In a new Australian study, straight dudes took bigger money risks after being shown pictures of shirtless male Abercrombie & Fitch models.
"Men want to appear more desirable to women, and having more money is one way to do so," one of the study's authors, Australian psychologist Eugene Chan, explained to New Scientist. "Taking financial risks is one quick way to get more money, even if it might not be a sure thing."
In an experiment conducted on 820 men and women, participants were shown pictures of male Abercrombie models, female models or "average" people. They were then given the choice of getting $100, or taking a bet where they had a 90% chance of getting nothing and a 10% chance of getting $1,000.
Straight men who looked at the photos of Abercrombie models were more likely to choose the riskier bet. This effect was particularly pronounced among men who were in a "mating mindset."
Why? The risk-taking behavior might (you guessed it) have a little something to do with our evolutionary past.
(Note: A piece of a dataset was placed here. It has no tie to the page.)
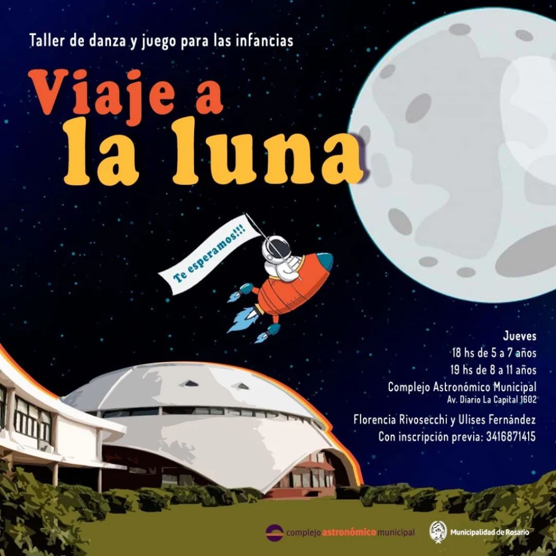 Es un taller lúdico-expresivo sobre la Luna y el cosmos. Una experiencia grupal en la que se vivencia el movimiento, todas sus posibilidades y potencialidades a través del juego. Una invitación para crecer junt@s, alegres e íntegros. Este taller fue seleccionado en la convocatoria del Programa Abiertos edición 2022.

"Men are more likely to take greater financial risks when they have a mating mindset because they are particularly interested in making themselves desirable to women as a spouse or partner," Chan told The Huffington Post in an email. "What does this say about male mating behavior? It says that there are some innate processes that have evolved over time -- behaviors that we don’t want to admit but we also can’t easily shake off."